Trials such as researching someone who had died in 1955; of Manto’s contemporaries, only his sister and one writer in Pakistan, Intezaar Hussain — who Das met briefly— remained.

Collection of stories

Similarly, from the challenges of casting and getting so many strong actors to do small cameos, to art direction, “every phase had a story that I felt I could share.” Then there was getting to know Bombay, the city Manto loved and where she herself was born but never really lived. “I came back and saw the Bombay that I could otherwise never have seen, through all my location scouting.”

The book’s title is Manto and I ; it’s not just about the creative journey but Das’s own emotional, political, personal and spiritual experiences as well — experiences such as shooting with a small child in 45-degree heat, with Gurdas Mann and 250 villagers doubling up as junior artists. It also made her question why there were fewer women in the field, and she came to understand and accept the tag of ‘woman director’ that she had always been uncomfortable with.

What does the act of writing itself entail for her? “It’s about bringing thoughts, feelings and experiences together that you may not have articulated to yourself.” She enjoys the solitary nature of the process, in contrast with filmmaking, which involves having to deal with so many people. Nevertheless, “I also have a collaborative spirit. I thrive on both. They have their own separate joys and challenges.”

Das started writing in November 2018, two months after Manto’s release, and finished the book in October last year. This was a lean phase when she was involved mostly in social advocacy work, spending time with her son and making a guest appearance in Venu Udugala’s Telugu film Virata Parvam .

Kindred spirit

A lot of the book was written on flights, in the quiet time she seized without people and gadgets around.
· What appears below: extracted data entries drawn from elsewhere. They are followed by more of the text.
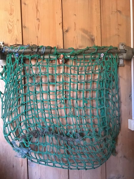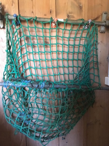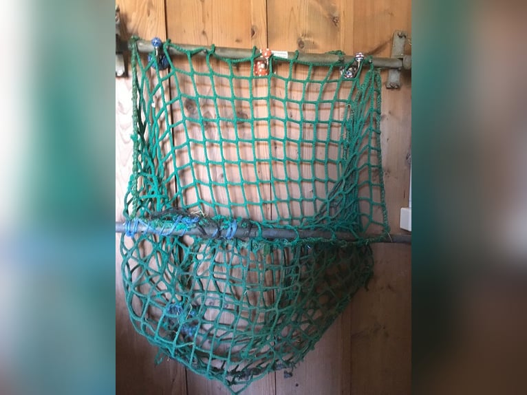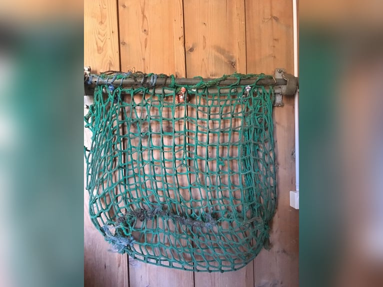 Aufhängung aus Eisen, einfach und schnell befüllbar mittels Aus- und Einklinken der vorderen Haltestange, einige Netzmaschen um ausklinkbare Stange repariert, NP Euro 200.-
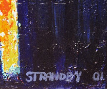 Kenneth Strandby (f. 1960): Signeret composition, dateret 01, acryl på lærred, 90 x 90 cm. På bagsiden forsynet med udstillingsmærkat.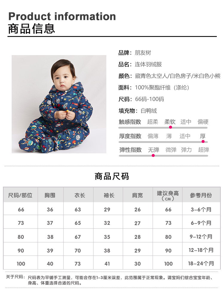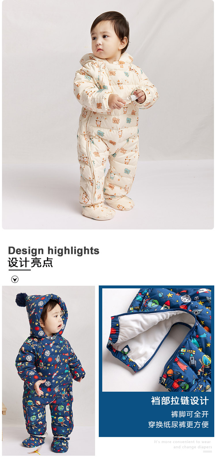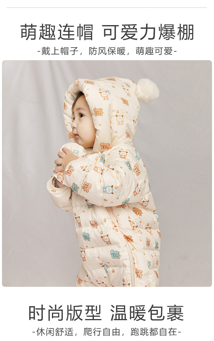 【婴儿羽绒连体衣】宝宝加厚女婴抱衣 新生儿爬服网红包屁衣童装

And much of the rest was fleshed out at home, in the midst of domestic chaos, much as Manto himself often wrote.

She may have grown up on Gandhi and Tagore, but she began seeing a kindred spirit in Manto when she started reading his work in college, and later his essays that revealed the man behind the words. She thinks that what Manto stood for is deeply relevant to the world today, be it to do with freedom of expression or the identity issues, divisiveness and strife that we are witnessing. “He would have been harsh and blunt and appalled that nothing has changed 70 years later,” she says. But, perhaps, also happy to see the young in his beloved Bombay rising up and resisting.

For Das, Manto is an idea, Mantoiyat , that represents the free-spiritedness, conviction, truth and courage we need today, especially to counter skewed narratives and lies. “I seek refuge in Manto to respond to today.” For now, in the midst of all the anger, fear- and hate-mongering, she wants to engage with the fence-sitters rather than the converted: “My language is now less about what I feel than about how I can share in a way that others can hear. I want to speak in such a way that they will listen rather than pull the shutters down.”